Have you ever bought another web hosting company?

Artashes

Administrator
Staff member
Have you ever acquired another web hosting company? If Yes, how was the experience for you? What did you learn in the process? What did the ROI on acquired asset look like? Most importantly, was the deal worth it at the end?

If you can share a bit more information in the process, I think it will be both interesting and beneficial to hear. For example, the size of the company you acquired (whether in clients or servers), what was the economics of the deal, what did the customer churn look like, etc.

No need to disclose any private information that doesn't serve the purpose of the use case.
 
I'm curious about this also, looking at starting to acquire a couple small hosting providers (mainly looking to take over hosting operations of web design companies, so they can focus on web design).
 
I've purchased other companies but only acquired their customers in the purchase.

In two of them, they were domain name registration purchases. Essentially, the domains under another company were transferred to our reseller account at eNom. We added the users to our WHMCS for recurring billing, and then notified the user when they were up for renewal.

Our markup on domains was $0.05 - so that's not going to win anything, but several of the users did sign up for hosting, and a few of them purchasing SSL Certificates, etc. The purchase price in one was 100% free - they had already sold their hosting but were left holding about 50 domains for clients, so we took them over. The other purchase was for just over 100 domains and we paid $1 per domain. Again, no profit there, but it was used as a purchased marketing channel which we then upsold hosting and other services.

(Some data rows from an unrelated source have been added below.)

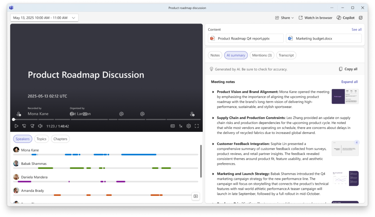 Bir ekran kaydedilen bir toplantı sırasında paylaşıldığında, Teams artık anahtar ekran görsellerini yakalayarak bunları toplantı özetinin ilgili bölümleriyle yan yana yerleştirebiliyor. Bu, yazılı özete görsel bağlam ekleyerek, kullanıcıların kararları sunulanlarla hızlıca ilişkilendirmelerine olanak tanıyor.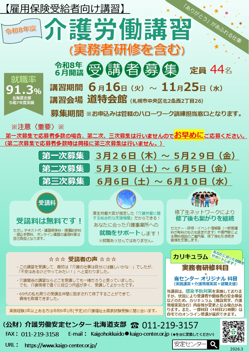 - 令和8年度 介護労働講習(実務者研修含む)受講者募集!こちらをご覧ください‼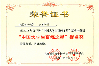 日前,由團中央學校部、全國學聯秘書處組織開展的2015年度尋訪“中國大學生百煉之星”活動結果揭曉。石大石油工程學院1-682宿舍榮獲2015年度“中國大學生百煉之星”提名獎。

We purchased one other smaller hosting company (less than 100 clients) which was hosting and domains. They were a web design company that also offered hosting. They were getting out of hosting and focusing only on web design. The purchase price was 6 months revenue for any customer older than 6 months and 3 months revenue for any customer newer than 6 months.

So.. for example (and these were not the numbers or prices, but used for illustration purposes;
10 customers signed on less than 1 month ago - 10 x $10 = $100 x 3 months = $300
20 customers singed on 4 months ago - 20 x $10 = $200 x 3 months = $600
20 customers signed on 6+ moths ago - 20 x $10 = $700 x 6 months = $1200
50 customers signed on 1+ years ago - 50 x $10 = $500 x 6 months = $3000
Total price: 100 customers for $5100

Many years ago the standard was 12 months revenue, heck, back in the early 2000's you could get 5-time annual revenue on a sale. 1 and 1 was purchasing like crazy back then :)

I've no idea what the going rates are in 2021, but I would assume it's still in the 6-month range.

For us, we were fortunate enough to find companies that wanted/needed to sell, so pricing was favorable and almost no negotiation. We didn't need much in terms of digging into the books etc as we were strictly purchasing the users and their hosting. We then worked to move the hosting accounts to our servers, updated the DNS from the old host, coordinated with customers, etc and we were off. Within 3 months, all clients pointing to the old DNS had moved to our DNS and we were able to shut down the old DNS name.
 
6 months revenue sounds like an incredible opportunity in an industry that requires so much pain to attract even one client to sign up. I even think some companies pay out more in affiliate commissions.

It also sounds like you exercised a lot of patience in your acquisition strategy by not proactively going after companies, rather waiting for good opportunities to come by, thus creating more favourable conditions for deals.